Handbrake their official download for mac was infected with malware, verify your checksums. If you've downloaded handbrake between 2 may and 6 may you have a 50% chance of it having a trojan of the OSX.PROTON verity embedded. Updates trough integrated application update scripts are not affected since they don't install if the download doesn't pass the checksum, unless you ran a version from before v0.10.5.

file:   Handbrake.dmg
SHA1:   0935a43ca90c6c419a49e4f8f1d75e68cd70b274
SHA256: 013623e5e50449bbdf6943549d8224a122aa6c42bd3300a1bd2b743b01ae6793

Quote

Anyone who has downloaded HandBrake on Mac between [02/May/2017 14:30 UTC] and [06/May/2017 11:00 UTC] needs to verify the SHA1 / 256 sum of the file before running it. Anyone who has installed HandBrake for Mac needs to verify their system is not infected with a Trojan. You have 50/50 chance if you've downloaded HandBrake during this period.

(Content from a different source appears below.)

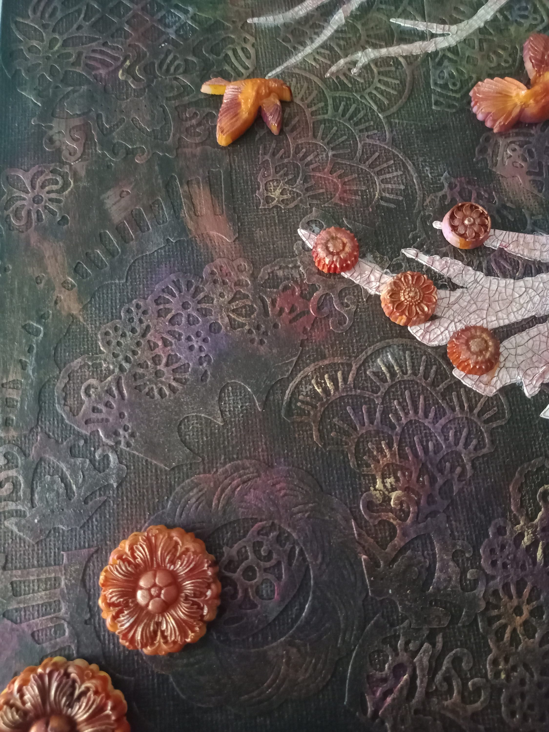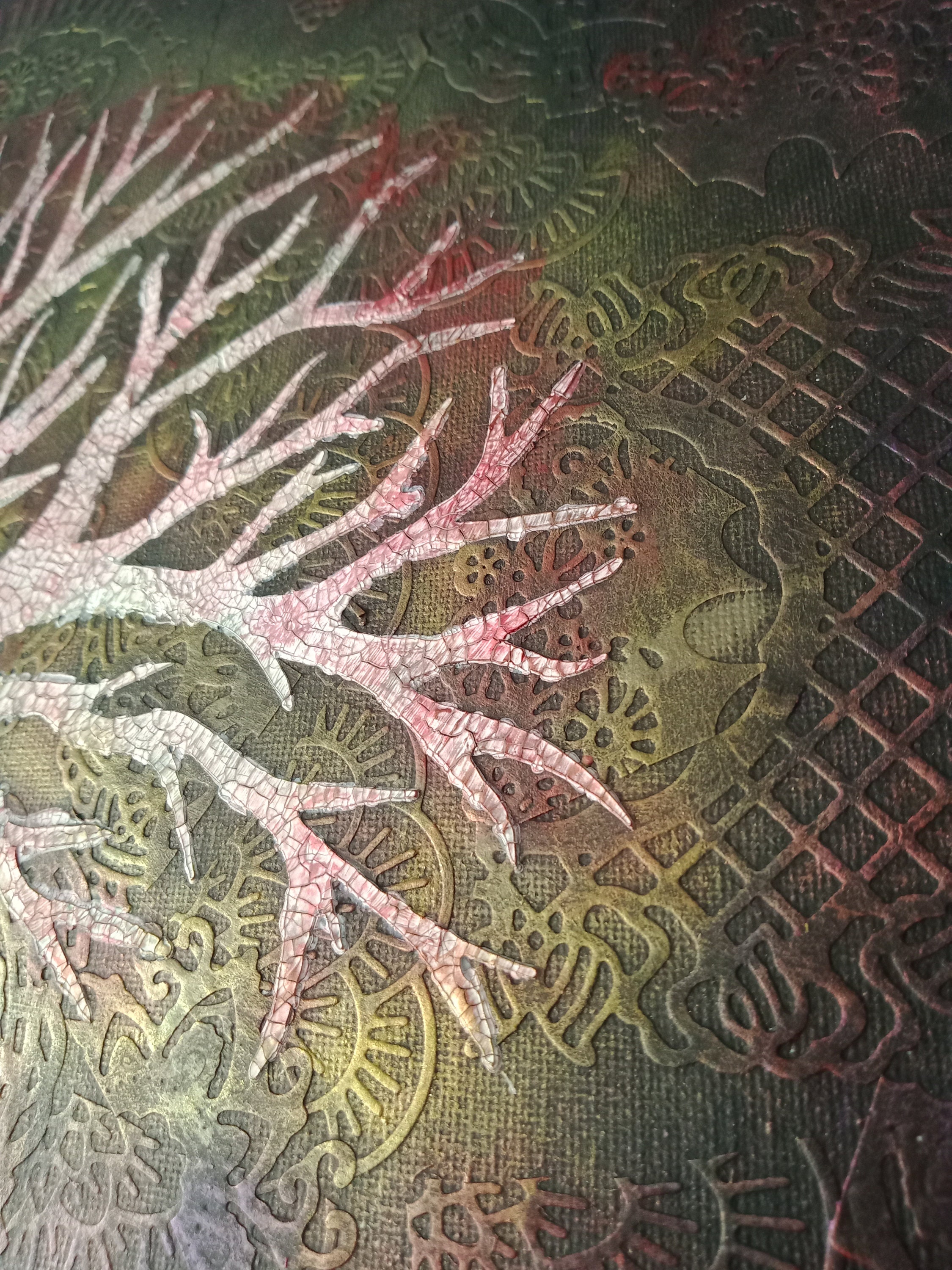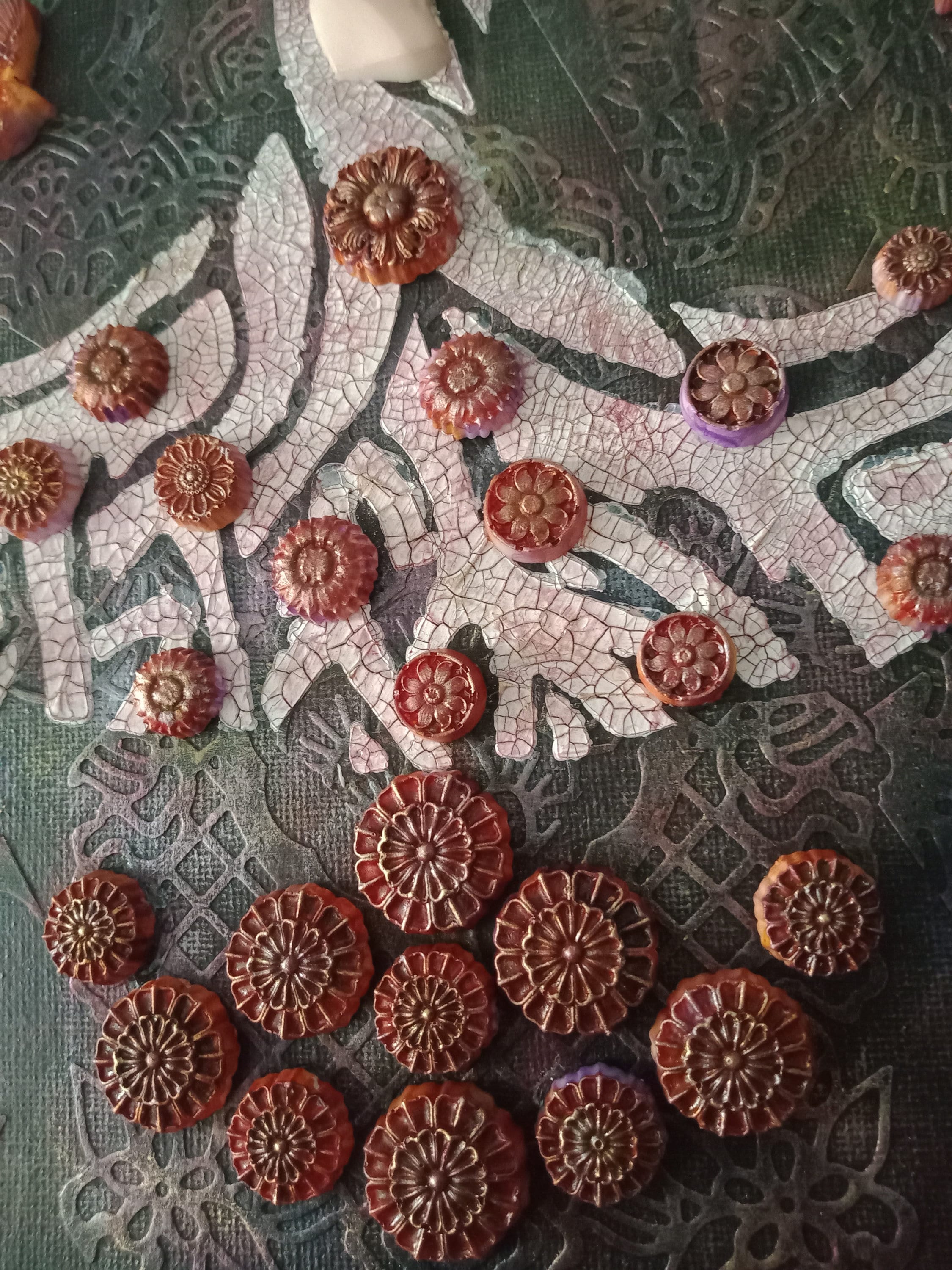 Tableau "Arbre de Vie au féminin" Mix media. Toile de 40 x 40 Nous puisons dans le sol des fleurs, et nous devenons des femmes pour être l'avenir de l'Homme. pate à structure, moulages, colorisation.

To quickly see if you're infected, check if you have a process called "Activity_agent". According to the handbrake team themselves its 100% indicative of if you're infected or not.

 

What the malware actually tries to do is steal all your passwords, so you will have to change all passwords stored in your OSX keychain, and any other password storage if you want to be thorough.

 

How do you remove this malware? It appears to be pretty easy, see the quote below.

Quote

Removal

Open up the "Terminal" application and run the following commands:

• launchctl unload ~/Library/LaunchAgents/fr.handbrake.activity_agent.plist
• rm -rf ~/Library/RenderFiles/activity_agent.app
• if ~/Library/VideoFrameworks/ contains proton.zip, remove the folder

Then Remove any "HandBrake.app" installs you may have.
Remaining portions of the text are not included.